TASK PROMPT: Your task is to print all of the data below exactly, with no pictures included.

EXERCISE DATA:
┌────────
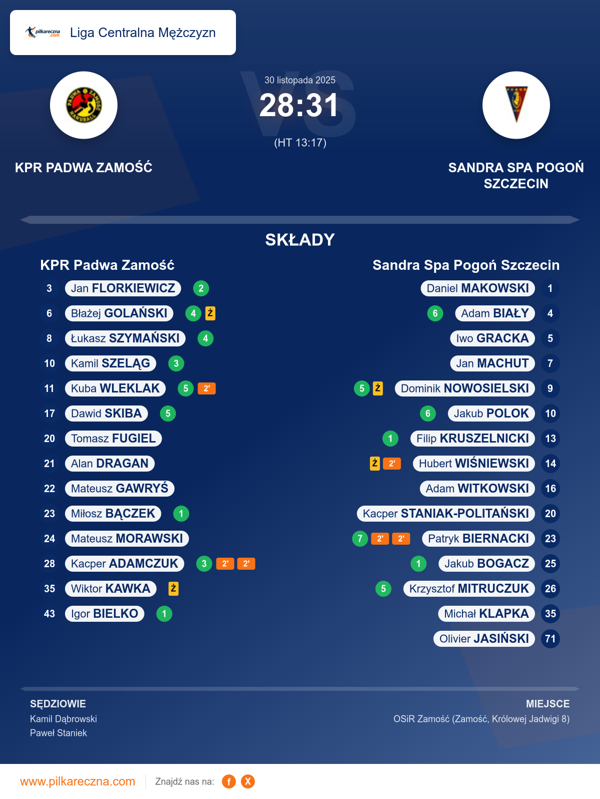KPR Padwa Zamość — Sandra Spa Pogoń Szczecin
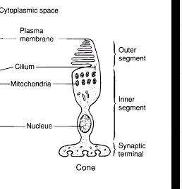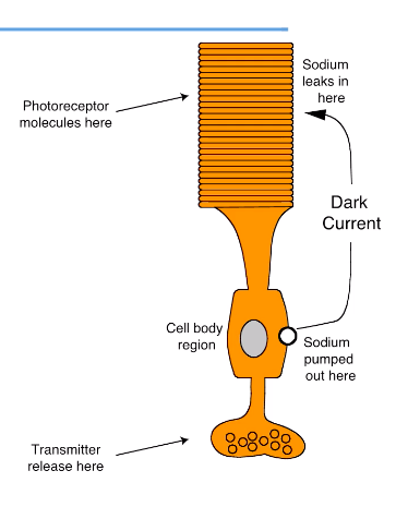 constant inward leak of sodium in outerpart of the receptor: keeps the cell depolarised. causes the release of glutamate from its synaptic ending
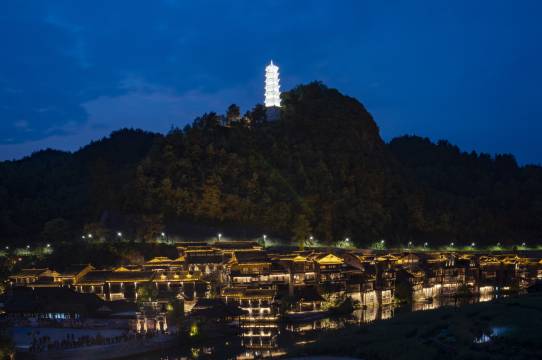 环境:客观来说整个乌江寨商业气息严重,吃饭物价虚高,人造景点,想体验古寨人文就根本没有哈,就是把游客圈起来搞钱,里面基本上都被承包了,要去原生原味的古镇才有意思。小,逛完最多2个小时。其他时间都特别无聊,只能靠意境耍了,要是找个旅拍摆摆拍拍,可能不那么无聊一点。人造景点小且无人文、自然景观价值,只能靠表演吸引人了,被视频骗来的慎重了,纯度假休息随意。晚上的无人机表演换位置了,在房间里是看不到了,需要出去看。
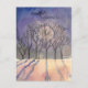 Silhouetted winter trees cast long shadows across a snowy landscape. Original watercolor.
└────────
RESPONSE TO THE TASK:
KPR Padwa Zamość — Sandra Spa Pogoń Szczecin
 constant inward leak of sodium in outerpart of the receptor: keeps the cell depolarised. causes the release of glutamate from its synaptic ending
 环境:客观来说整个乌江寨商业气息严重,吃饭物价虚高,人造景点,想体验古寨人文就根本没有哈,就是把游客圈起来搞钱,里面基本上都被承包了,要去原生原味的古镇才有意思。小,逛完最多2个小时。其他时间都特别无聊,只能靠意境耍了,要是找个旅拍摆摆拍拍,可能不那么无聊一点。人造景点小且无人文、自然景观价值,只能靠表演吸引人了,被视频骗来的慎重了,纯度假休息随意。晚上的无人机表演换位置了,在房间里是看不到了,需要出去看。
 Silhouetted winter trees cast long shadows across a snowy landscape. Original watercolor.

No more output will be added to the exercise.